The answer must be an exact copy of the entries below, with no images in it.

--- Dataset records ---

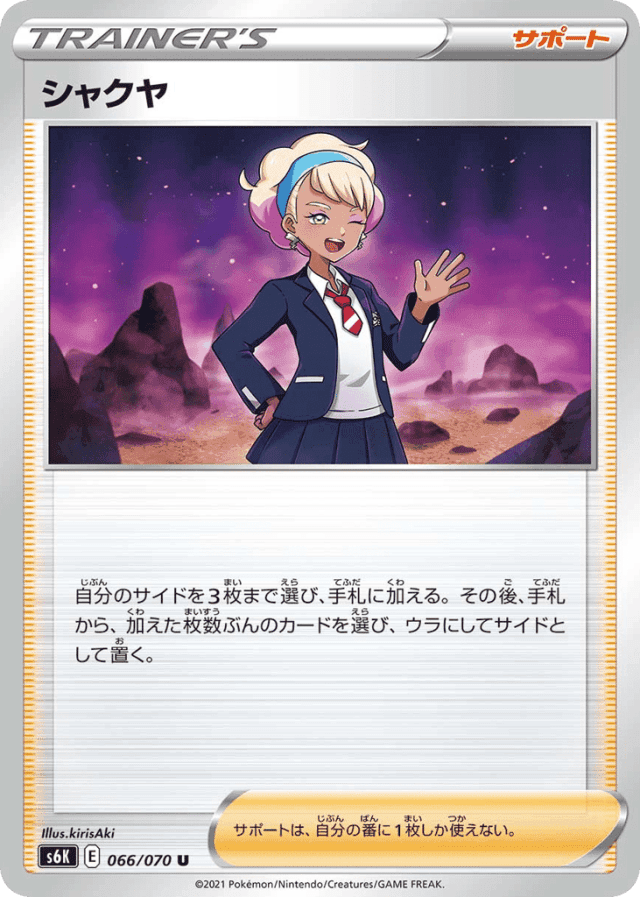 自分のサイドを3枚まで選び、手札に加える。その後、手札から、加えた枚数ぶんのカードを選び、ウラにしてサイドとして置く。 サポートは、自分の番に1枚しか使えない。
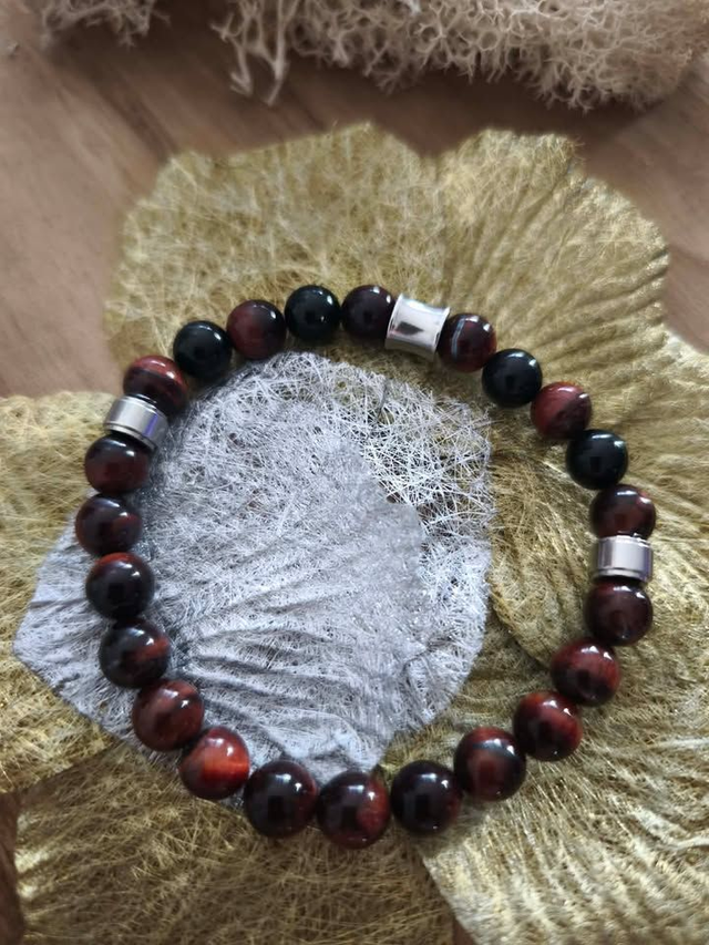 Un bracelet en perles d'œil de taureau et onyx ainsi que d'agrément en inox.
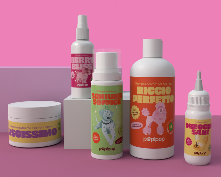 Popipop is a pet brand that embraces color, joy, and the love of caring for your dog, celebrating the happiness of being a dog owner. I worked on the full branding, from the visual identity to the packaging of 17 different products, building a vibrant and cohesive universe that stands out on the shelf.
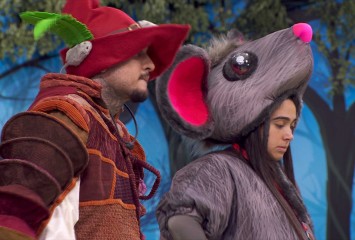 No Quarto Gnomo, Giovanna e MC Bin Laden vestem as roupas do Castigo do Monstro. Ao lado de Fernand...
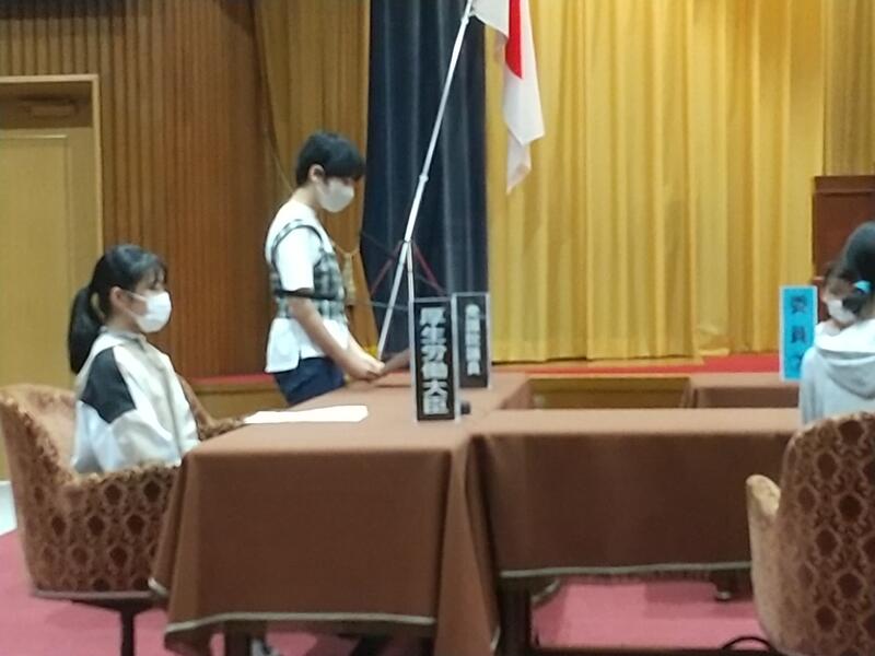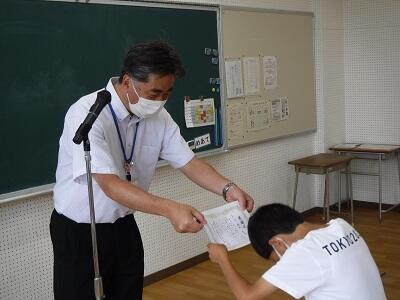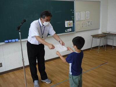 また、今日は3年生と4年生の2人に、芝生管理作業参加の表彰を行いました。
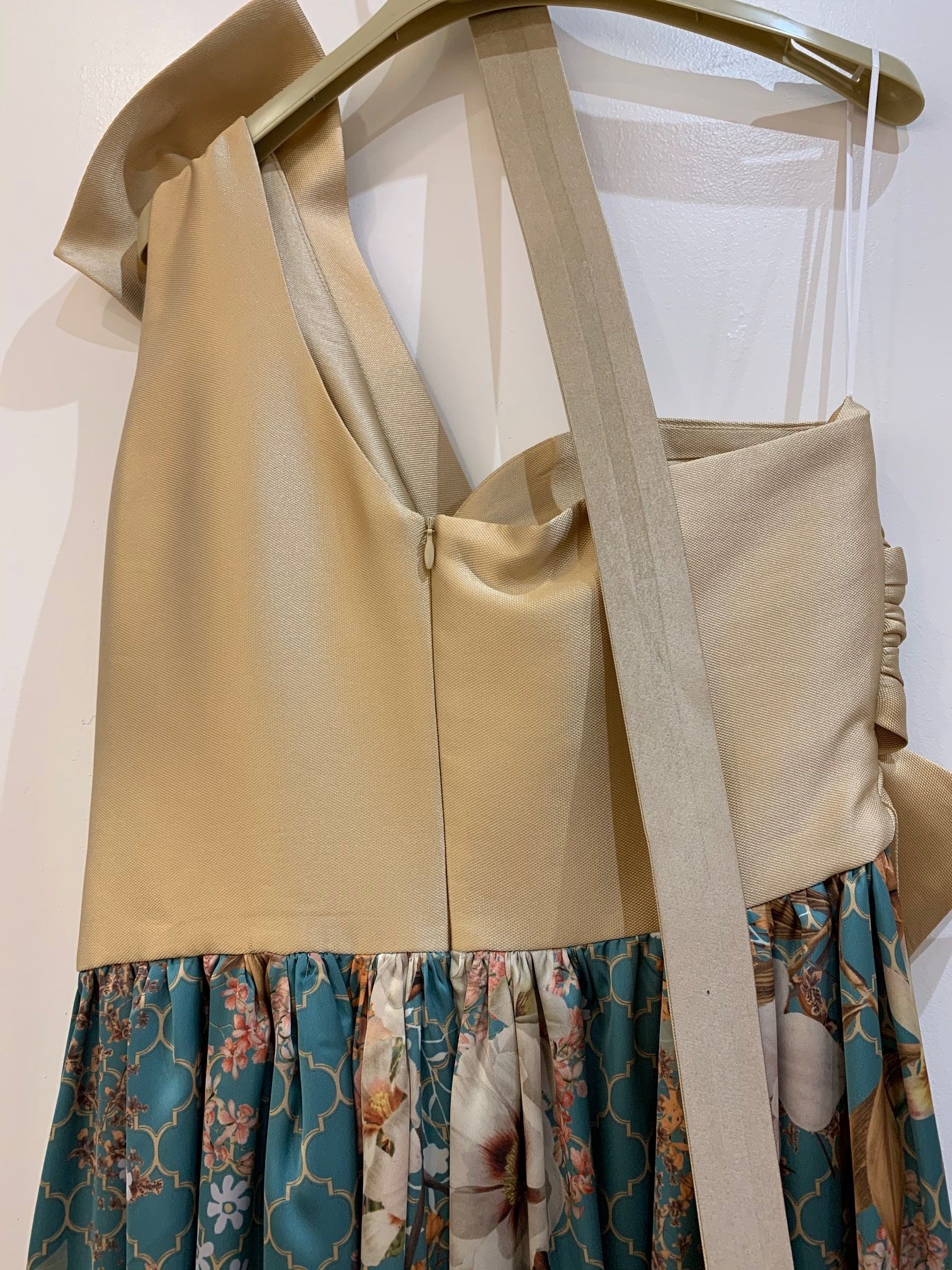 El cuerpo del vestido es en color dorado con detalle de pieza fruncida en el pecho. Queda entallado a cintura con un cinturón forrado de la misma tela que el cuerpo.

---

Result of this task:
 自分のサイドを3枚まで選び、手札に加える。その後、手札から、加えた枚数ぶんのカードを選び、ウラにしてサイドとして置く。 サポートは、自分の番に1枚しか使えない。
 Un bracelet en perles d'œil de taureau et onyx ainsi que d'agrément en inox.
 Popipop is a pet brand that embraces color, joy, and the love of caring for your dog, celebrating the happiness of being a dog owner. I worked on the full branding, from the visual identity to the packaging of 17 different products, building a vibrant and cohesive universe that stands out on the shelf.
 No Quarto Gnomo, Giovanna e MC Bin Laden vestem as roupas do Castigo do Monstro. Ao lado de Fernand...
 また、今日は3年生と4年生の2人に、芝生管理作業参加の表彰を行いました。
 El cuerpo del vestido es en color dorado con detalle de pieza fruncida en el pecho. Queda entallado a cintura con un cinturón forrado de la misma tela que el cuerpo.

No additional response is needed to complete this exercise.